The long gaunt man gets down, his sinister face grimed like his hands.

It was the same grimy giant who had accosted her on the lonely road near Deadman’s Grike. But she feels that she “must go through with it” now, and she follows him into the house.

Two rushlights were burning in the large and miserable room, and on a coarse ragged bed lay a woman groaning piteously.

“That’s Lady Lairdale,” says the gaunt dark man, who then began to stride up and down the room rolling his head, stamping furiously, and thumping one hand on the palm of the other, and talking and laughing in the corners, where there was no one visible to hear or to answer.

Old Mall Carke recognized in the faded half-starved creature who lay on the bed, as dark now and grimy as the man, and looking as if she had never in her life washed hands or face, the once blithe and pretty Laura Lew.

The hideous being who was her mate continued in the same odd fluctuations of fury, grief, and merriment; and whenever she uttered a groan, he parodied it with another, as Mother Carke thought, in saturnine derision.

At length he strode into another room, and banged the door after him.

In due time the poor woman’s pains were over, and a daughter was born.

Such an imp! with long pointed ears, flat nose, and enormous restless eyes and mouth. It instantly began to yell and talk in some unknown language, at the noise of which the father looked into the room, and told the sage femme that she should not go unrewarded.

The sick woman seized the moment of his absence to say in the ear of Mall Carke.

“If ye had not been at ill work tonight, he could not hev fetched ye. Tak no more now than your rightful fee, or he’ll keep ye here.”

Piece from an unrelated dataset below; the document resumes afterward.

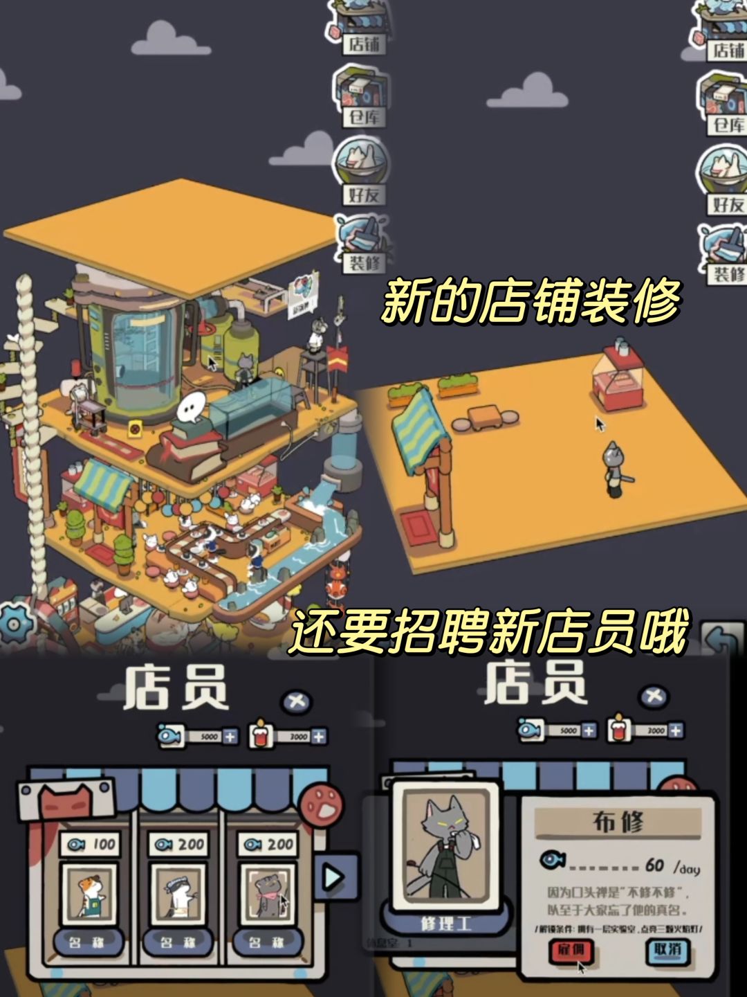 🌼《猫咪天堂》是一款模拟经营游戏,在服务楼层收集顾客们带来的蜡烛货币~在研究楼层培养鱼类,提供原材料~在商业楼层招待你的顾客们~当你足够富有了便可以不断往上搭建新的楼层~自由装修你的店铺,雇佣猫咪员工,来打造你的猫咪摩天大楼吧!

At this moment he returned with a bag of gold and silver coins, which he emptied on the table, and told her to help herself.

She took four shillings, which was her primitive fee, neither more nor less; and all his urgency could not prevail with her to take a farthing more. He looked so terrible at her refusal, that she rushed out or the house.

He ran after her.

“You’ll take your money with you,” he roared, snatching up the bag, still half full, and flung it after her.

It lighted on her shoulder; and partly from the blow, partly from terror, she fell to the ground; and when she came to herself, it was morning, and she was lying across her own door-stone.

It is said that she never more told fortune or practised spell. And though all that happened sixty years ago and more, Laura Silver Bell, wise folk think, is still living, and will so continue till the day of doom among the fairies.